Reblogged from staceythinx
Selected work by Charley Harper (1922-2007). You can see his work on display through February 26 at Beguiled by the Wild: The Art of Charley Harper at the Academy of Natural Sciences of Drexel University .
Harper on how he developed his distinctive style:
I needed a job. A commerical art studio took a chance on my potential as a realistic illustrator, and soon regretted it. I was too realistic. I enjoyed painting real people with all the wrinkles and crow’s feet that gave character to their faces, but I was no good at the idealized, vacuous, happy housewives that greet you from every soap ad. Ever see one with bags under her eyes? A double chin? No. They never used any of mine. They tried me on cyst drawings for a medical booklet and I was real good at that. But there’s never any great demand for cyst drawings.

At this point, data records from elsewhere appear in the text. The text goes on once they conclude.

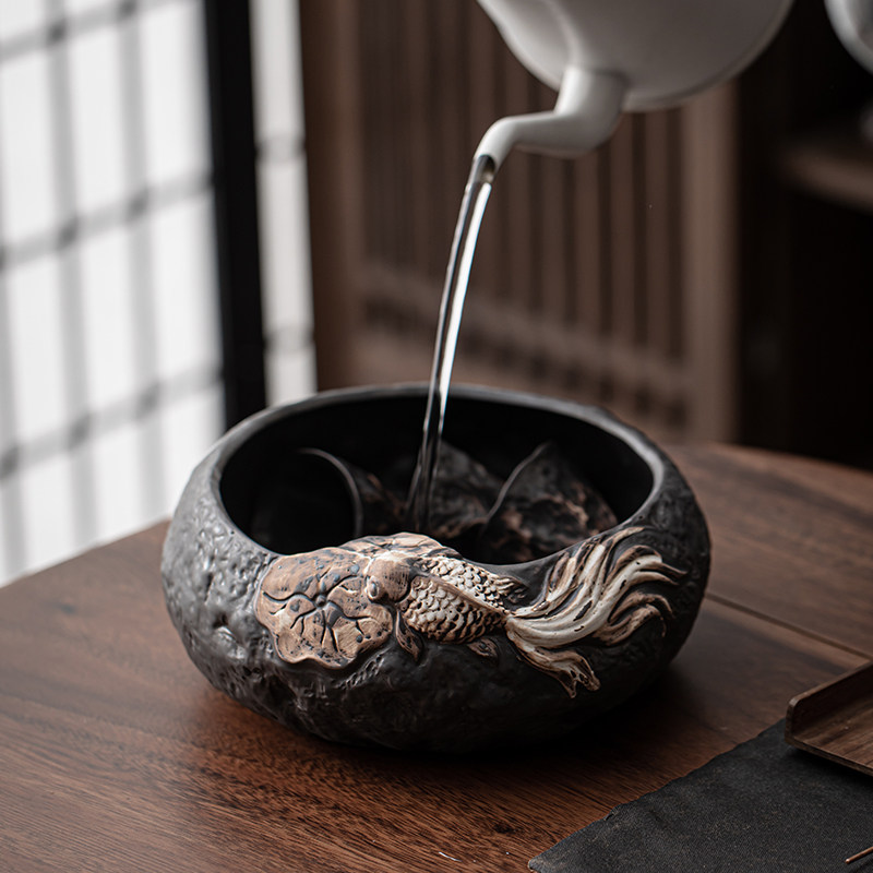 蕴华堂 侘寂风黑陶粉引茶洗中式陶瓷手工家用大号建水废水茶渣缸
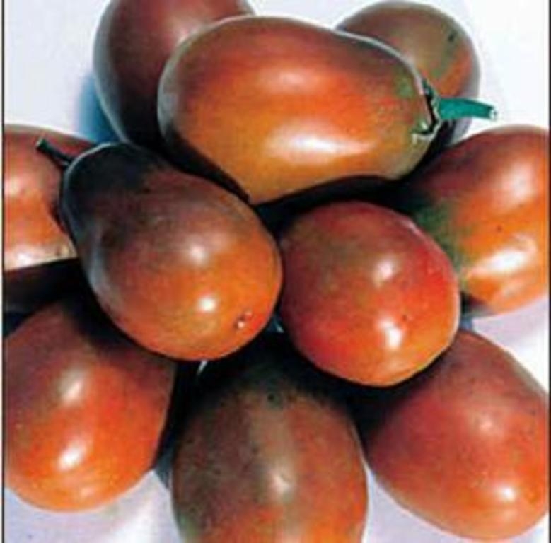 These are Non-GMO Untreated seeds. Clusters of brown-red fruits, small plum size 1 x 1 1/2″, juicy dark burgundy interior, indet, 70 days. Germinating Tips Temperature 75-85 Degrees Fahrenheit.
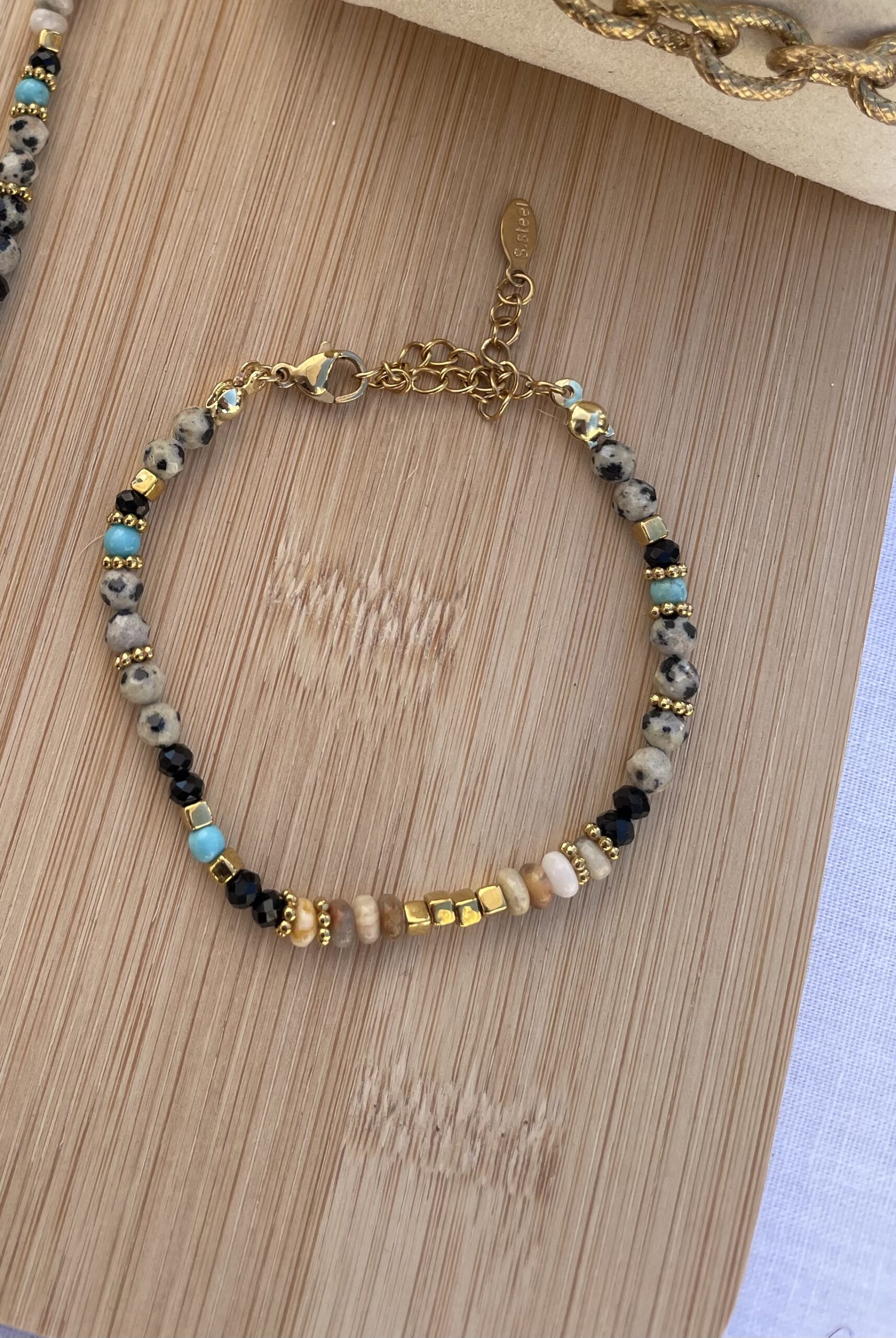 Está elaborada con una cuidada combinación de piedras naturales y acero inoxidable, creando una pieza con carácter, equilibrio y un estilo salvaje pero sofisticado.
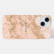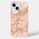 Rose gold glitter marble cell phone case with black script name.
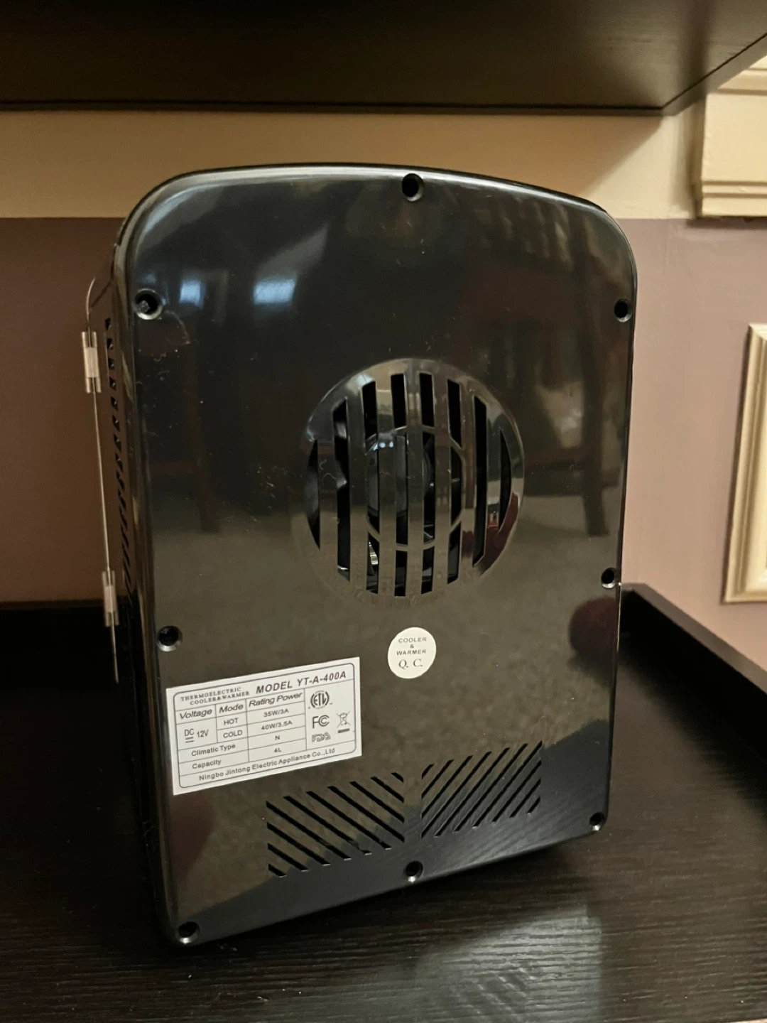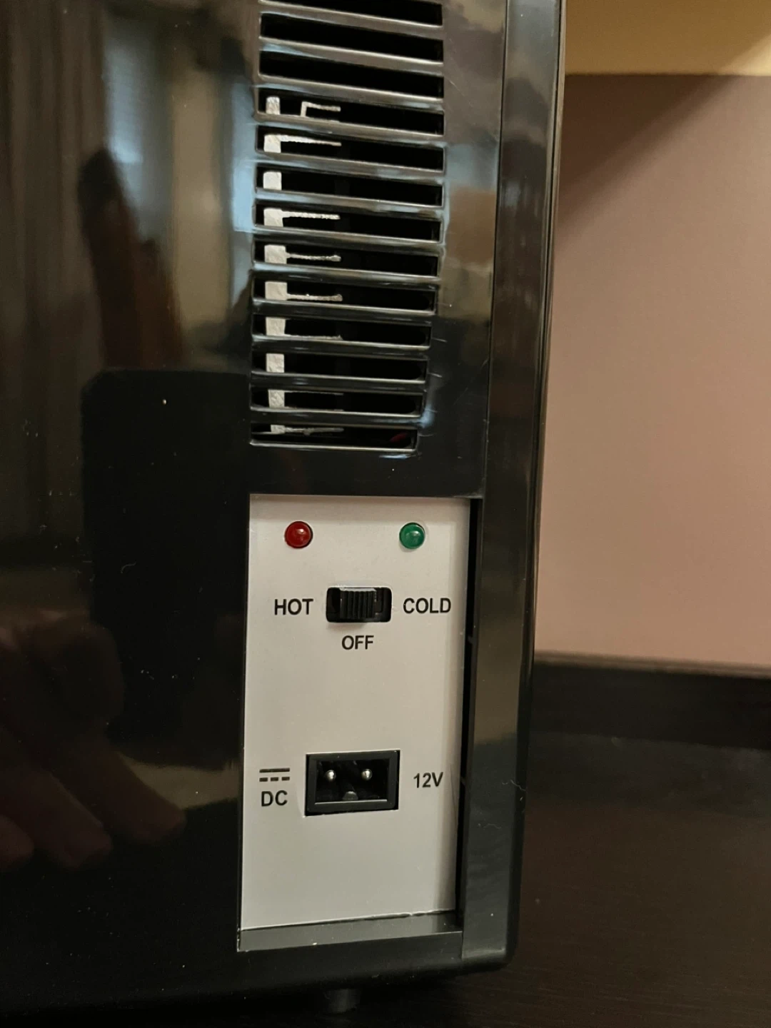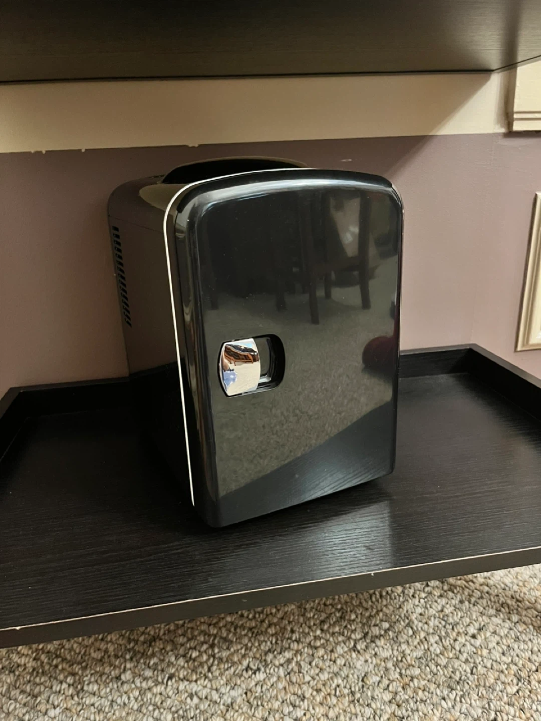 Selling a Chefman Mini Portable Personal Fridge in black. Price is firm. It's in great condition and comes with its original box and components! For use in your car, truck, SUV. Keeps cold drinks or snacks cool, and hot foods warm. It can hold up to 4L. Model number YT-A-400A.
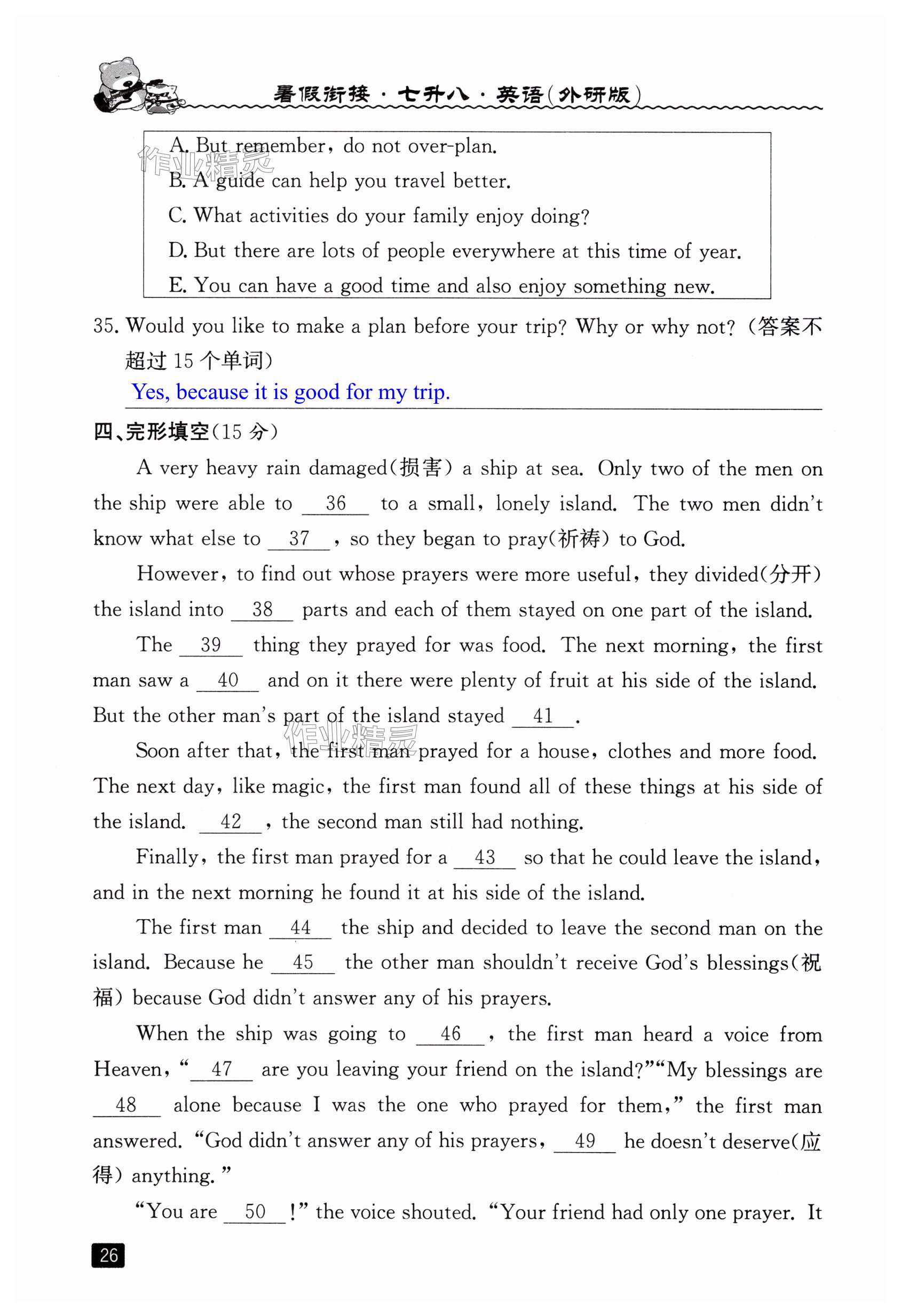 注:目前有些书本章节名称可能整理的还不是很完善,但都是按照顺序排列的,请同学们按照顺序仔细查找。练习册 2025年暑假衔接七年级英语外研版延边人民出版社 答案主要是用来给同学们做完题方便对答案用的,请勿直接抄袭。
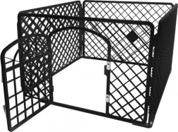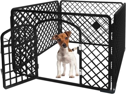 Praktikus és univerzális kifutó kutyáknak, kölyköknek és kisállatoknak, amely biztonságos teret nyújt otthon és a kertben. A masszív PP műanyag szerkezetnek és a fém csatlakozóknak köszönhetően a kifutó stabil, tartós és könnyen összeszerelhető. A kapu biztonságos zárral megakadályozza a véletlen kiszökést, a lekerekített elemek pedig növelik a biztonságot használat közben. Ideális tréninghez, pihenéshez és a lakás berendezésének védelméhez.
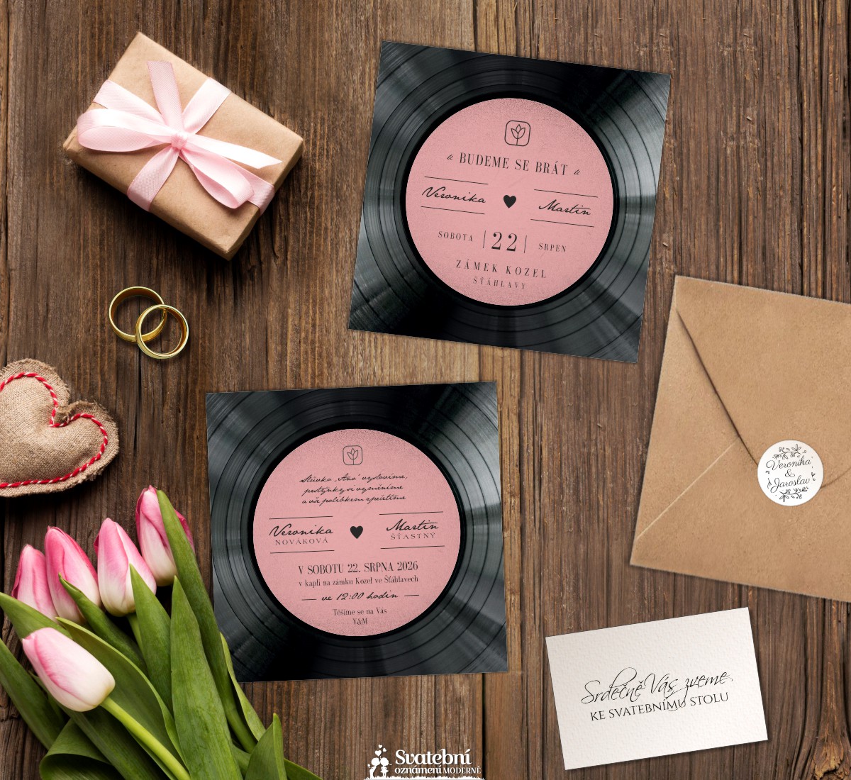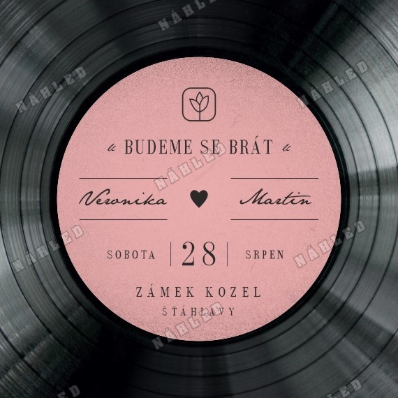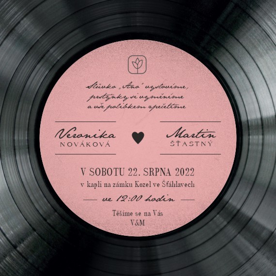 Úvod > Svatební oznámení > Čtvercová oboustranná oznámení  v designu vinylové desky
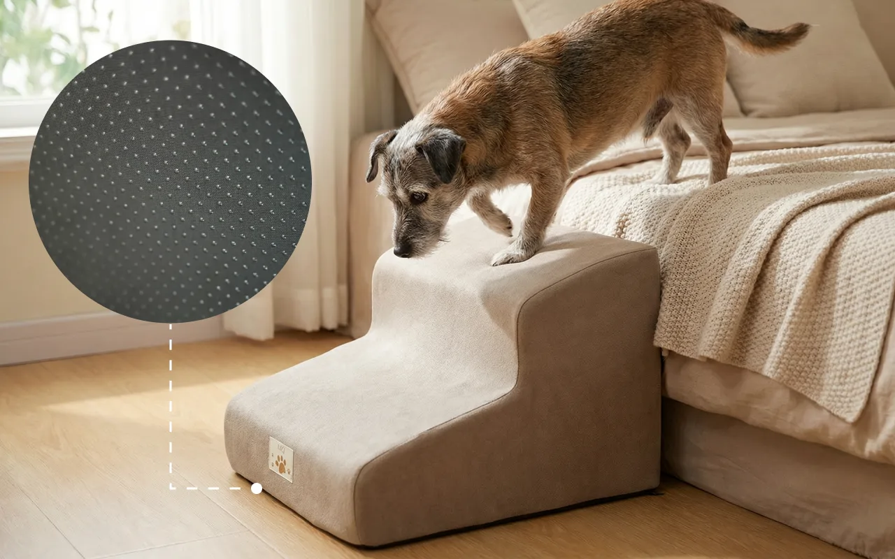 The non-slip bottom is awesome! My dog runs up safely every morning. I wish I’d gotten these steps a long time ago.

It was the most successful failure of my life because it made me realize that in order to succeed as an illustrator I must offer something besides realism, something unique and enjoyable yet salable. I began to search for something peculiarly me – a style, a technique, a point of view – and gradually it emerged: the impulse to caricature and simplify at the same time.
I fought the housewife battle by day and experimented with my new approach by night. Dropping the 3D and thinking flat, I looked at objects orthographically, which often led to fresh viewpoints and invariably revealed the particular projection that read fastest and made the best design. I reduced all lines and edges to straights and curves (that’s all there are) and began to render with mechanical drawing instrumentsruling pen, compass, French curve, T-square, triangle…Nature subjects, I found, are ideally suited to this interpretation. Birds and fish in particular have built-in functional beauty imposed by their habitats and require only a little distortion of what’s there already, a thinning of lines and a simpler statement of shape.